Plain JS numeric code _can_ be really fast if you stick to typed arrays.

I tried the posted JS in Chrome on an aging thinkpad and each `testSort()` took as long as 125 seconds (32 seconds in Firefox). But when I replaced `Array` with `Float32Array` the runtime dropped to under 7 seconds (about 2 seconds in Firefox) -- in line with the wasm alternatives. Going further and filling an `Int32Array` with `(Math.random() * 2.0 - 1.0) * 100` (as in the AssemblyScript code) brought the Chrome runtime down to around 1.6 sec (still around 2 seconds in Firefox).

chrismandelics · on Nov 27, 2022

Also worth noting: default JS `Array.sort()` converts everything to strings and compares them lexically -- so 80 comes before 9. It's a little faster to sort them as numbers: `.sort((a, b) => a - b)` takes me around 40 seconds in Chrome (11 seconds in Firefox).

moralestapia · on Nov 28, 2022

Thanks man, this is gold.

ankrgyl · on Nov 27, 2022

The Rust vs.
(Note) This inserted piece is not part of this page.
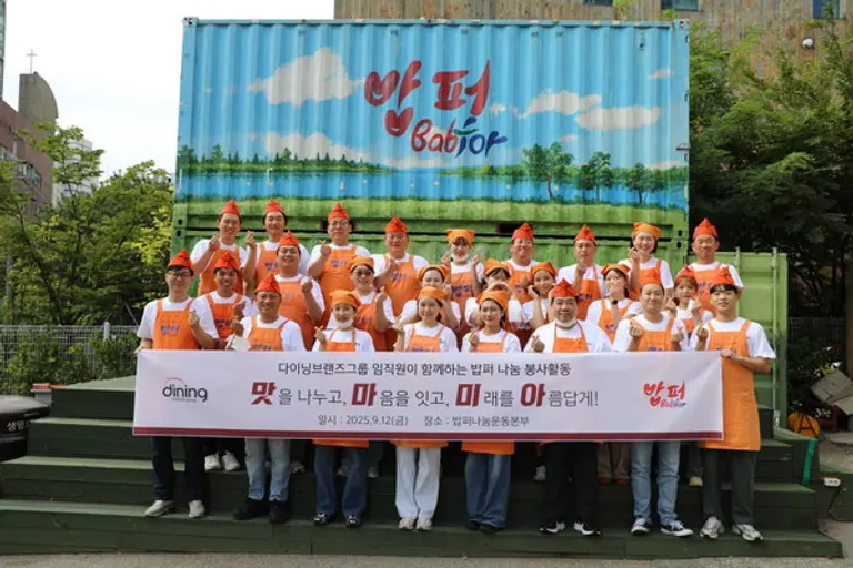 이훈종 다이닝브랜즈그룹 최고운영책임자(COO)를 비롯한 임직원 20명이 자발적으로 참여한 이번 활동에서, 참가자들은 먼저 큰맘할매순대국 매장에서 판매하는 육개장과 내장탕을 각각 600인분씩 전달했다. 이후 간단한 교육을 받은 뒤 600인분의 내장탕을 직접 조리·배식하고 설거지까지 마무리했다.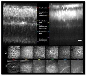 In the image acquired with the system we clearly distinguish the synaptic (bright regions) and nuclear (gap regions) layers that characterize the tissue. It is interesting to mention that the rat retina is highly autofluorescent when illuminated with light in the blue-green spectrum.

Go comparison has two key differences:

- The Rust example uses 8 bit unsigned ints vs. Go example uses 32 bit signed ints

- Rust's sort is stable by default whereas Go's is not.

If you tweak the Rust benchmark to use `i32` instead of `u8` and `sort_unstable` instead of `sort`, you should see ~3-4x faster performance.

zRedShift · on Nov 27, 2022

Made a PR with the fixes, Rust is now 3 times faster than tinygo, and the wasm is almost 3 times smaller (wasm+js is twice as small) as expected.

https://github.com/Ecostack/wasm-rust-go-asc/pull/1

My first foray into wasm, so I probably missed some optimizations like wasm-opt.

miohtama · on Nov 27, 2022

Also I would assume different languages have different random() implementations which could contribute to the run time. So to make tests equal, you should not measure time to set up the array.

twp · on Nov 27, 2022

The Go version should also use `sort.Ints`. https://pkg.go.dev/sort#Ints

protoduction · on Nov 27, 2022

One can speed up the AssemblyScript implementation by using StaticArray and adding unchecked() around the indexing - this makes it some 25% faster.

Further by using the smallest stub runtime (= without garbage collector) one can drop filesize by around half, making the smallest implementation even smaller (4.7kb -> 2.8kb uminified). Quite some of that code is the random initialization.. if you do that in JS it may just be smaller than the plain JS implementation.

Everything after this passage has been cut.